### WHAT TO DO
I need every line from the start of the material below up to and including the line containing "14KT WHITE GOLD", restated exactly, with the pictures omitted.

### SUPPLIED INFORMATION
::::
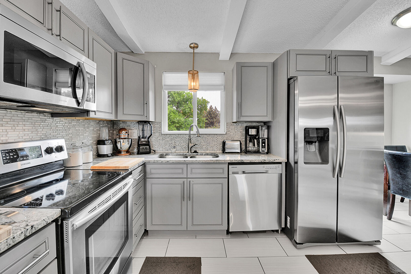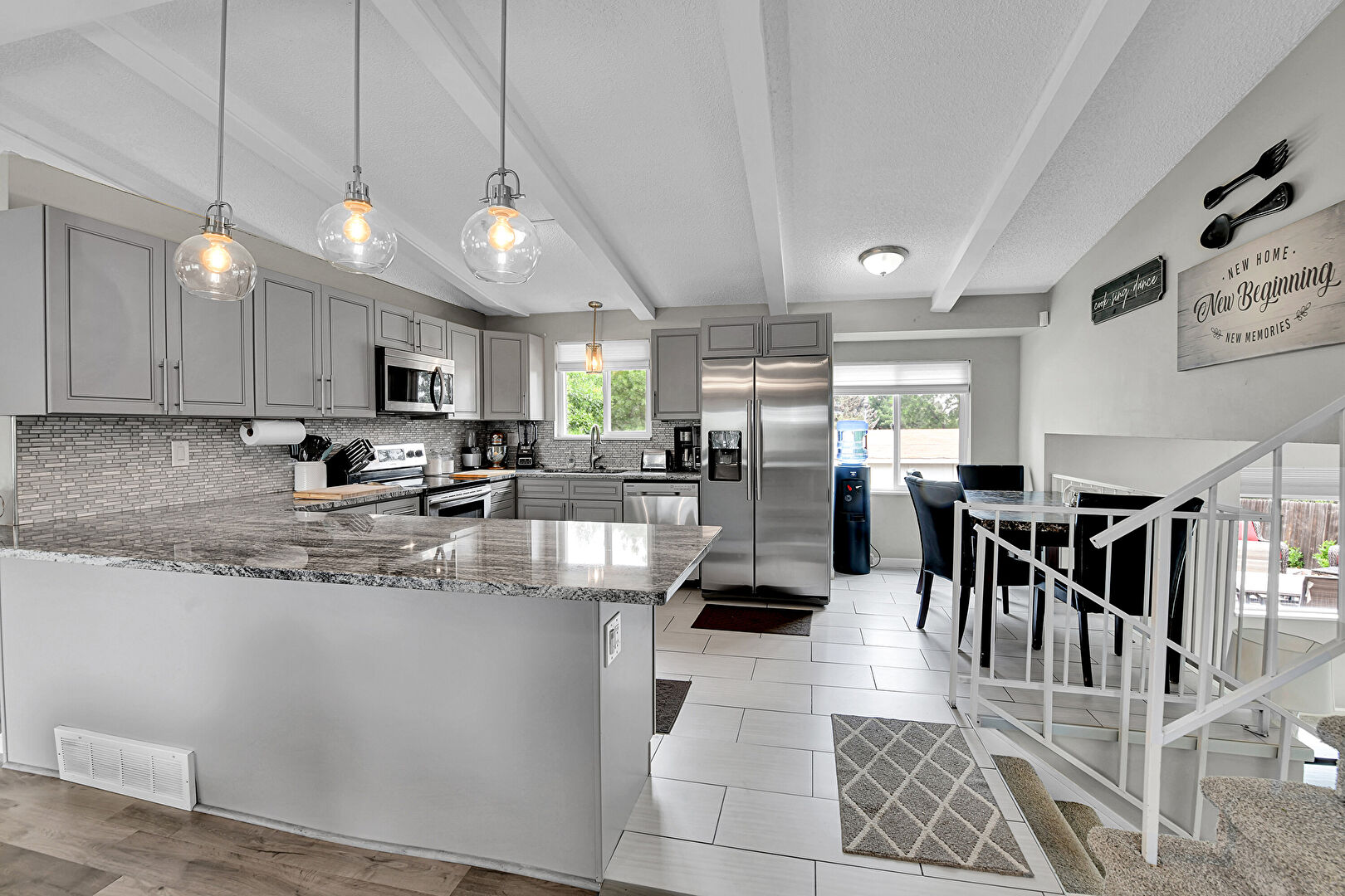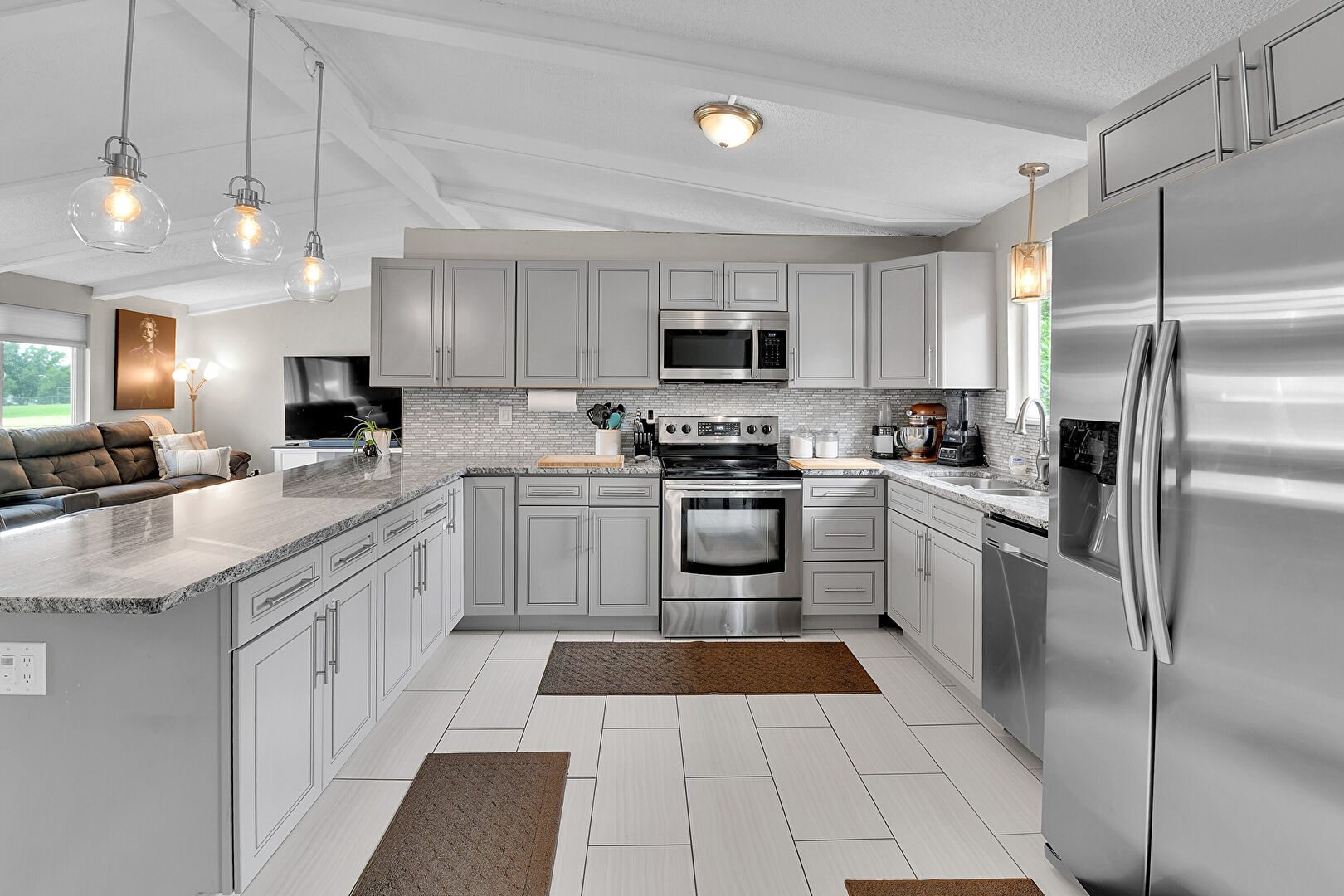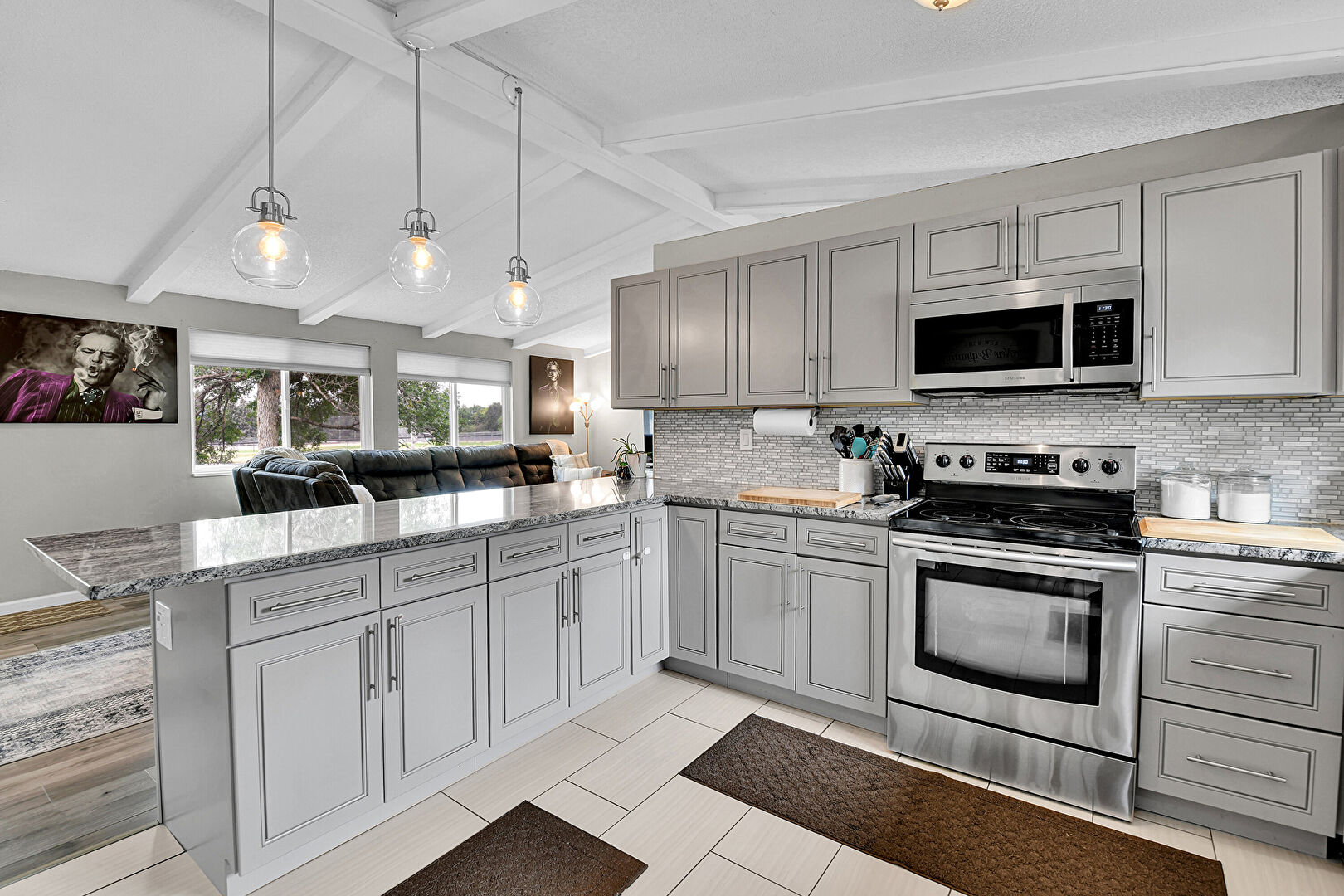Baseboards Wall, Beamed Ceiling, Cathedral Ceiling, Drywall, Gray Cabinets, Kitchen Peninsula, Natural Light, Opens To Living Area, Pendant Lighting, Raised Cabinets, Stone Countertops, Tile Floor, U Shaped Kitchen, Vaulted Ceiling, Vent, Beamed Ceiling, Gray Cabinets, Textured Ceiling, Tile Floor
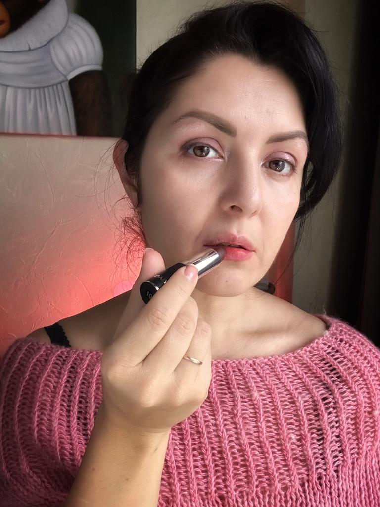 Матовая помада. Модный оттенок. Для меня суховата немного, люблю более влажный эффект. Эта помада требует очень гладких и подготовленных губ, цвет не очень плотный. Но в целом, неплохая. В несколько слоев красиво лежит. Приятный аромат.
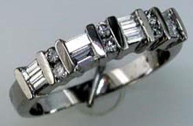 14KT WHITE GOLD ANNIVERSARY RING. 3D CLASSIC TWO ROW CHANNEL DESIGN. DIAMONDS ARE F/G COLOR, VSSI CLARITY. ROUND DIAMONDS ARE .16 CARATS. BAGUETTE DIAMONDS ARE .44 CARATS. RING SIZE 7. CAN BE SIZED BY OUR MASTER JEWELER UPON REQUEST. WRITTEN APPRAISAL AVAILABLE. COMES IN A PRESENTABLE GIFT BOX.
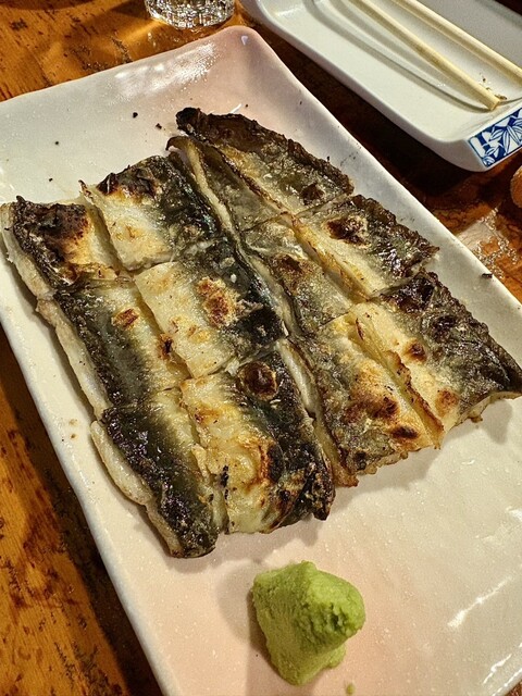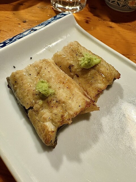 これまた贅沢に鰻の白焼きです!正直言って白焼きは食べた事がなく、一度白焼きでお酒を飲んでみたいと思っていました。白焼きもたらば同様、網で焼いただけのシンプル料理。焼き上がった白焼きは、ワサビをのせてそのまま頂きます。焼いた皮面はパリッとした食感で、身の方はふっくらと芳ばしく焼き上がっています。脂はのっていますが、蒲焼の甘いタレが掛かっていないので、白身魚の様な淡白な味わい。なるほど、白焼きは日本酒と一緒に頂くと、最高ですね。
::::
### ANSWER FOR THIS EXERCISE
Baseboards Wall, Beamed Ceiling, Cathedral Ceiling, Drywall, Gray Cabinets, Kitchen Peninsula, Natural Light, Opens To Living Area, Pendant Lighting, Raised Cabinets, Stone Countertops, Tile Floor, U Shaped Kitchen, Vaulted Ceiling, Vent, Beamed Ceiling, Gray Cabinets, Textured Ceiling, Tile Floor
 Матовая помада. Модный оттенок. Для меня суховата немного, люблю более влажный эффект. Эта помада требует очень гладких и подготовленных губ, цвет не очень плотный. Но в целом, неплохая. В несколько слоев красиво лежит. Приятный аромат.
 14KT WHITE GOLD ANNIVERSARY RING. 3D CLASSIC TWO ROW CHANNEL DESIGN. DIAMONDS ARE F/G COLOR, VSSI CLARITY. ROUND DIAMONDS ARE .16 CARATS. BAGUETTE DIAMONDS ARE .44 CARATS. RING SIZE 7. CAN BE SIZED BY OUR MASTER JEWELER UPON REQUEST. WRITTEN APPRAISAL AVAILABLE. COMES IN A PRESENTABLE GIFT BOX.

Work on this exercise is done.